1940-50

National
In 1941, as America prepared for possible war, Scouts distributed 1.6 million posters advertising Defense bonds and stamps and collected 10.5 million tons of scrap aluminum and 50 tons of wastepaper. When war came, their efforts increased. In the hours and days after the Japanese attack on Pearl Harbor, Hawaiian Scouts set up first-aid stations and emergency kitchens, helped evacuate civilians, served as messengers, and manned 58 air-raid sirens around Honolulu.

Throughout World War II, the BSA responded to 69 government requests for assistance. Scouts collected 210,000 tons of scrap metal, 590,000 tons of wastepaper, and enough milkweed floss to make nearly 2 million life jackets. They distributed millions of government posters, created 184,000 victory gardens, and planted nearly 2 million trees to replace those harvested for the war effort. The Scouts were so effective that the War Department stopped one wastepaper drive when storage facilities were overwhelmed.


When Japanese Americans were sent to internment camps during World War II, Scouting went with them. Cub Scout packs and Boy Scout troops flourished in all 10 internment camps, although conditions made some Scout activities—like the 14-mile hike required for the First Class rank—all but impossible.

As the 1940s opened, Irving Berlin created the God Bless America Foundation, donating all royalties from performances of his most famous song to the Boy Scouts and Girl Scouts. Today, those royalties benefit a BSA local council in New York.


Locally

In 1942 the Tribe of Manatee was dissolved and Calusa Lodge Order of the Arrow established to take its place.

World War II, with its food-rationing, brought many new problems to the running of summer camp at Flying Eagle. Each camper had to bring his ration book and a quarter pound of sugar. No one could be found to serve as a camp cook, so the Scout Executive’s wife assumed the duties, in spite of the fact that she had a 15-month-old baby to look after. She probably had no problem finding a baby sitter!

Buying food for the camp involved removing exactly so many blue stamps and so many red stamps from each camper’s ration book. Then, armed with a bag full of these stamps, trips to every store in every town within a ten-mile radius, she was lucky if she found the items in the quantity she needed to feed the camp population.

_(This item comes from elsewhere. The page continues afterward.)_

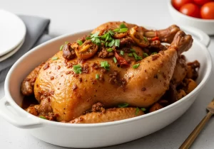 - Stuff the cavity: Insert lemon quarters, smashed garlic cloves, and fresh herbs into the chicken’s cavity. This imparts aromatic moisture and depth during slow cooking.
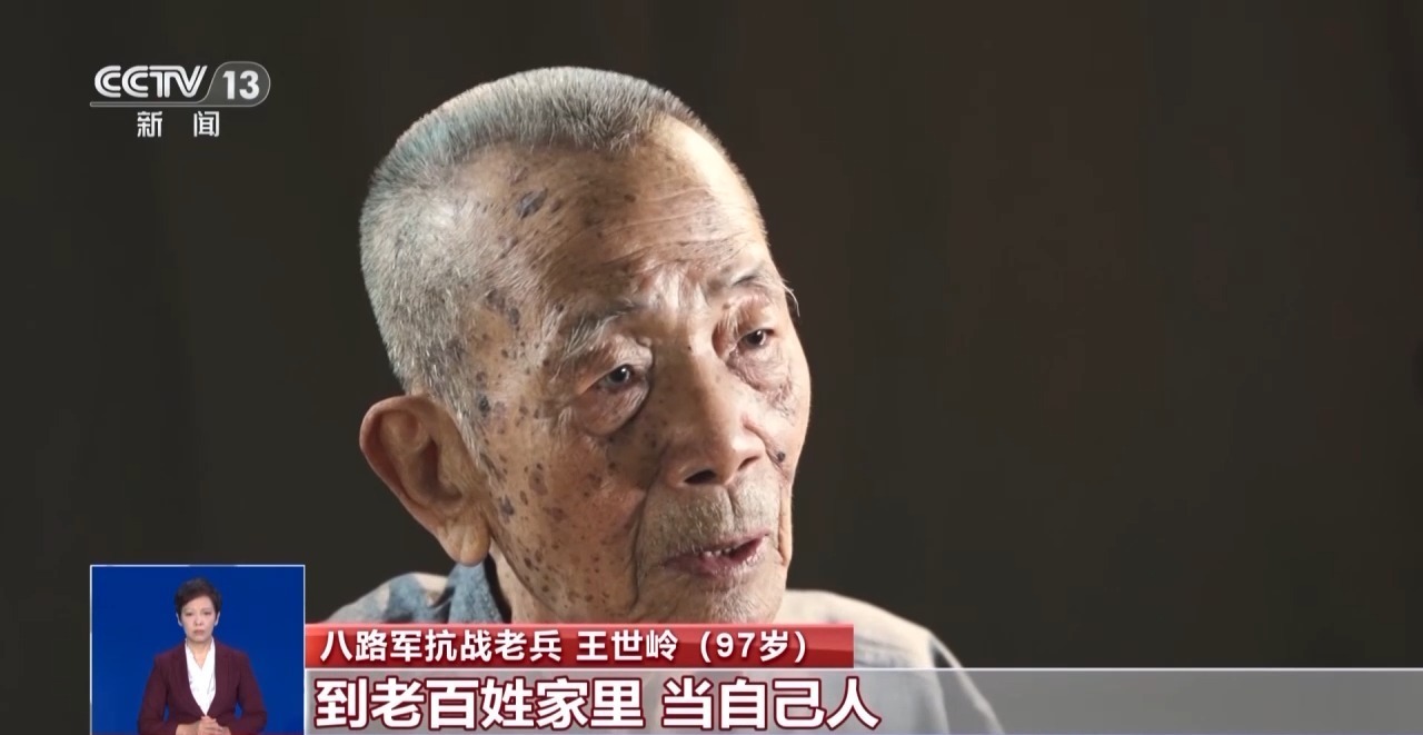 王世岭:老百姓啊!八路军跟老百姓是一家人啊。我给你讲。当兵的时候,如果真是给部队失散了,到老百姓家里,当自己人。我们胜利靠人民,我们就靠人民,这是我们的根本利益。我们的军队是人民的军队,为人民打天下保天下。

Since the Manatee River flowed through the camp it was only natural that group swimming and other aquatic activities be conducted there. However, when an epidemic of dysentery broke out in 1939, it was determined that the water in the Manatee was polluted and the river was closed to swimming. It remained closed until the summer of 1942. Summer camp in 1940 was held at Myakka State Park, and at Bear Point on Lake Childs near the town of Lake Placid in 1941.
The Manatee Health Department cleared the river for swimming for the 1942 Summer Camp, but it was again condemned for swimming in 1943. That year Sunny Land held its summer camp at Camp Flaming Arrow.

This perennial problem caused the Council to begin explorations to construct a swimming pool for Camp Flying Eagle. Their efforts culminated in May 1959 when the Burgstiner Construction Company broke ground for the new pool.

Electricity finally came to CFE in 1947, and in 1949 Sunny Land Council and Calusa Lodge hosted the Area J (entire state of Florida) Order of the Arrow Section conference.